-------- Dataset content
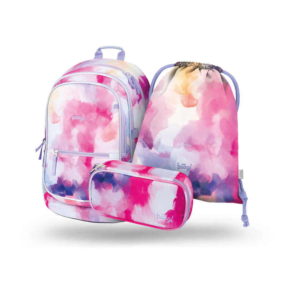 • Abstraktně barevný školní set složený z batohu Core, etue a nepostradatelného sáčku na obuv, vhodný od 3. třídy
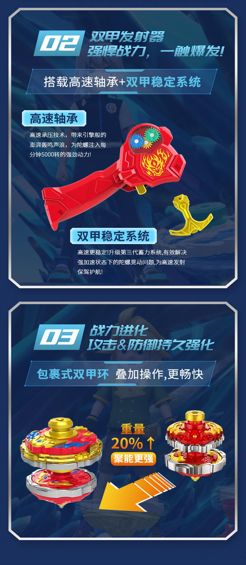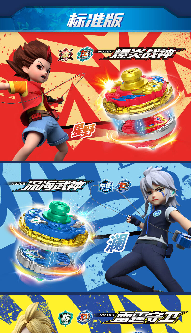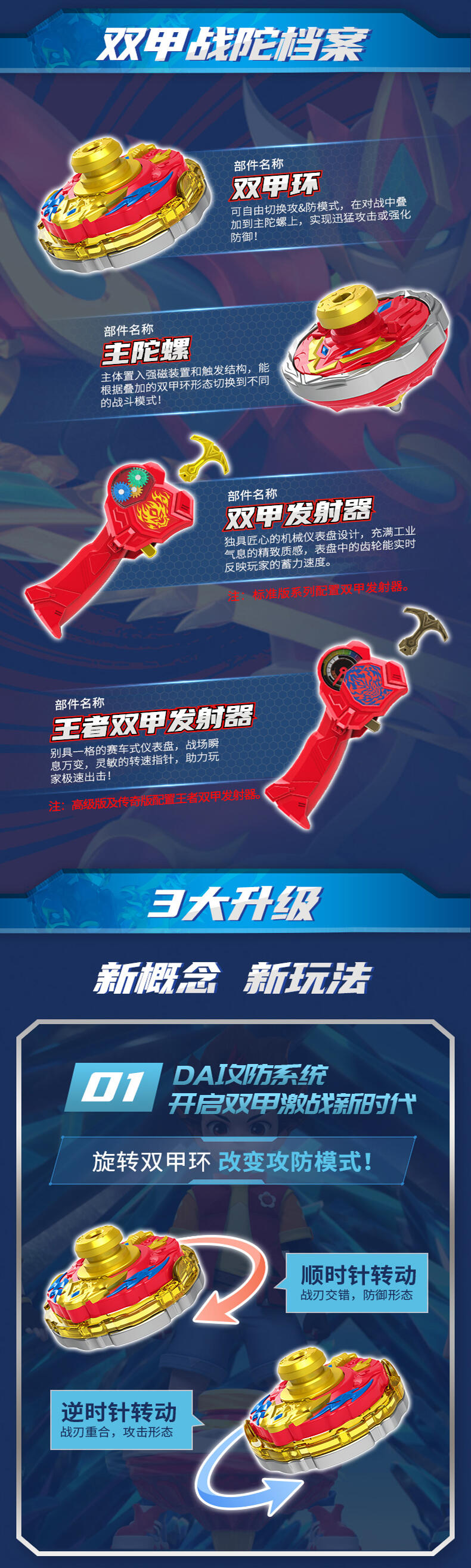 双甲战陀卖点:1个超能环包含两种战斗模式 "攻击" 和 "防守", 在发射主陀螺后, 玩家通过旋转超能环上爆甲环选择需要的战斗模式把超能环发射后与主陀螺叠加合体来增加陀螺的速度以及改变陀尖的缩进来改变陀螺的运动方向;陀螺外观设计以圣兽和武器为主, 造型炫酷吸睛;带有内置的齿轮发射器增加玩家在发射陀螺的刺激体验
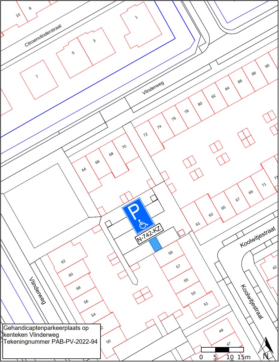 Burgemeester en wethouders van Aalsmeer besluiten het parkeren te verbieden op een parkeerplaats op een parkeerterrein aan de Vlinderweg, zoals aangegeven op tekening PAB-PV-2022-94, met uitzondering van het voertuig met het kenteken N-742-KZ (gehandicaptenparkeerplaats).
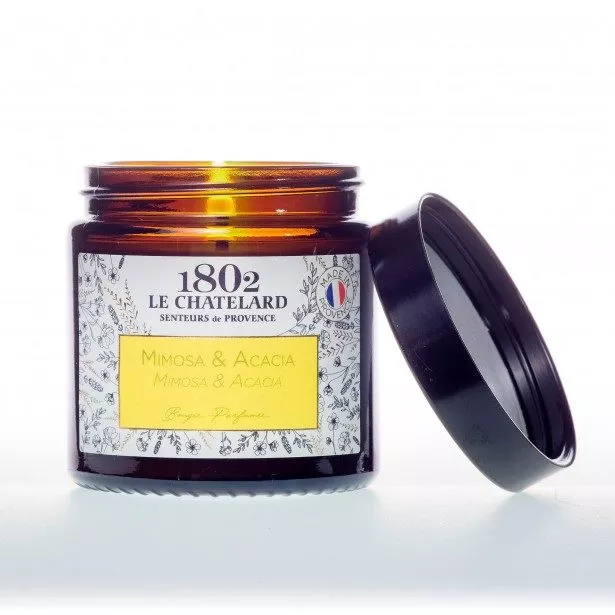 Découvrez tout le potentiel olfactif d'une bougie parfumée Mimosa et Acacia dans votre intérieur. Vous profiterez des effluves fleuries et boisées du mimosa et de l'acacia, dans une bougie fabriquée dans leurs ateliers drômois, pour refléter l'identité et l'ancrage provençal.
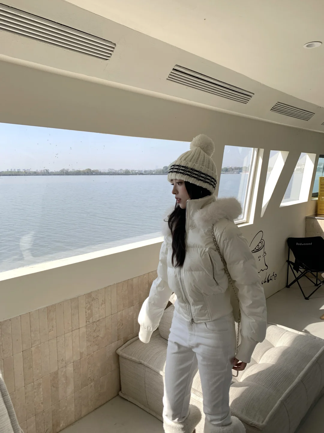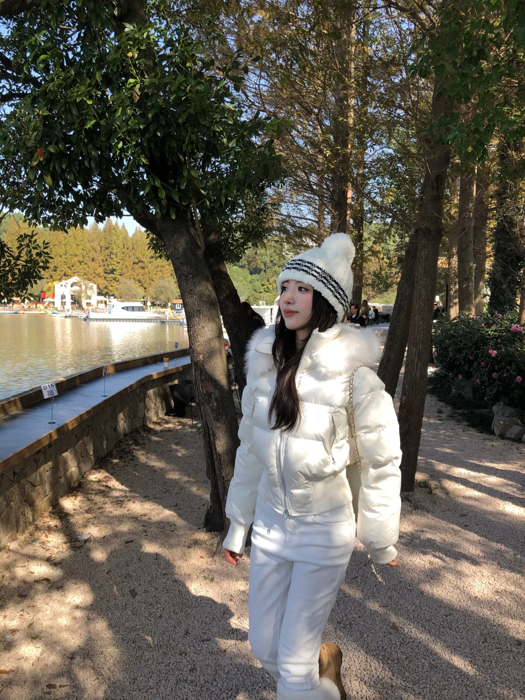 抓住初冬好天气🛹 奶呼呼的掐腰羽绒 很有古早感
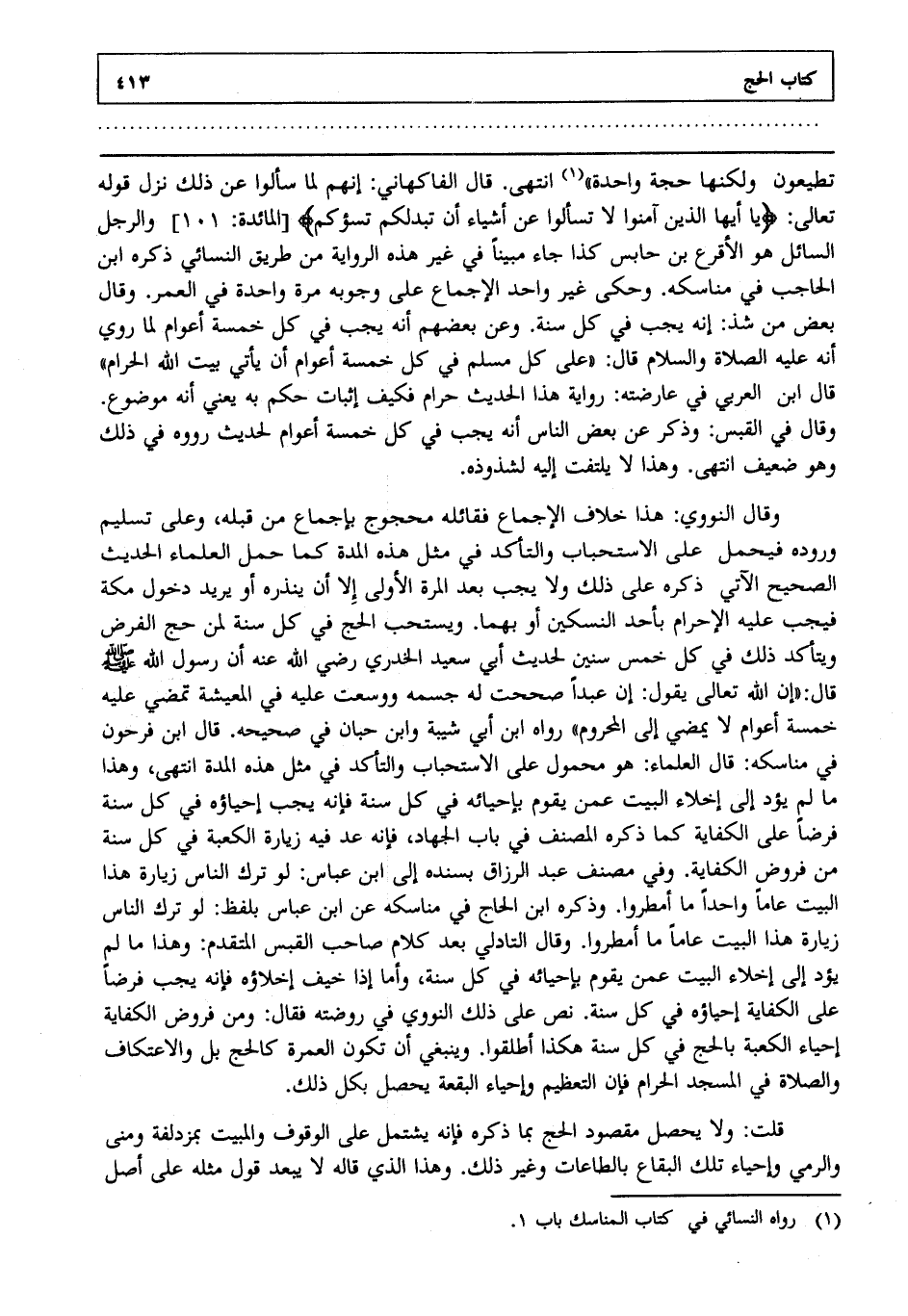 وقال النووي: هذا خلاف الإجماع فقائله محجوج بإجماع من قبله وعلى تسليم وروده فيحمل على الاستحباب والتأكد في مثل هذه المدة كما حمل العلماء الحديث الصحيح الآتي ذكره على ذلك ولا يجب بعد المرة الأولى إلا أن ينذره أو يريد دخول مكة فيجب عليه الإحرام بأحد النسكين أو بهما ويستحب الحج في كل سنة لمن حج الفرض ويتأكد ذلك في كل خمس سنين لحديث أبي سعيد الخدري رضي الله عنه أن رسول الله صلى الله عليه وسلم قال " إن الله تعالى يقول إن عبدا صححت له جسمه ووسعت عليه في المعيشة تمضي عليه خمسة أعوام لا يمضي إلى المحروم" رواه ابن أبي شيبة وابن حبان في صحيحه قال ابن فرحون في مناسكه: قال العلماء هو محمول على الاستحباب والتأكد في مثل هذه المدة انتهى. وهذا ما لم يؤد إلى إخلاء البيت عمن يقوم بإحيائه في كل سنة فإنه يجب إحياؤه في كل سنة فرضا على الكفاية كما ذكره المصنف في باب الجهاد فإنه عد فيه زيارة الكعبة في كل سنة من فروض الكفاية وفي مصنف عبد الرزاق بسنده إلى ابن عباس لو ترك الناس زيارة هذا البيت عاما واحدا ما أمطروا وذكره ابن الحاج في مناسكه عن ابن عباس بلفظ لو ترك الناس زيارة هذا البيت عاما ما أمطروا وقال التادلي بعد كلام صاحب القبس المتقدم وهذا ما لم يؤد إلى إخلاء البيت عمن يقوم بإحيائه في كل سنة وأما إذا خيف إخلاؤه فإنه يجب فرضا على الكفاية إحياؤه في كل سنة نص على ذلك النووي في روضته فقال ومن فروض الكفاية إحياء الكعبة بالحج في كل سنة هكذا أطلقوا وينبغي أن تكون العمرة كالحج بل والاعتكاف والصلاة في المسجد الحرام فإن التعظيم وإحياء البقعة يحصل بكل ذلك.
----------------
Can the lines from the start of the records through the line with "抓住初冬好天气🛹 奶呼呼的掐腰羽绒 很有古早感" be given again exactly, with the pictures left out?

Result of the task
 • Abstraktně barevný školní set složený z batohu Core, etue a nepostradatelného sáčku na obuv, vhodný od 3. třídy
 双甲战陀卖点:1个超能环包含两种战斗模式 "攻击" 和 "防守", 在发射主陀螺后, 玩家通过旋转超能环上爆甲环选择需要的战斗模式把超能环发射后与主陀螺叠加合体来增加陀螺的速度以及改变陀尖的缩进来改变陀螺的运动方向;陀螺外观设计以圣兽和武器为主, 造型炫酷吸睛;带有内置的齿轮发射器增加玩家在发射陀螺的刺激体验
 Burgemeester en wethouders van Aalsmeer besluiten het parkeren te verbieden op een parkeerplaats op een parkeerterrein aan de Vlinderweg, zoals aangegeven op tekening PAB-PV-2022-94, met uitzondering van het voertuig met het kenteken N-742-KZ (gehandicaptenparkeerplaats).
 Découvrez tout le potentiel olfactif d'une bougie parfumée Mimosa et Acacia dans votre intérieur. Vous profiterez des effluves fleuries et boisées du mimosa et de l'acacia, dans une bougie fabriquée dans leurs ateliers drômois, pour refléter l'identité et l'ancrage provençal.
 抓住初冬好天气🛹 奶呼呼的掐腰羽绒 很有古早感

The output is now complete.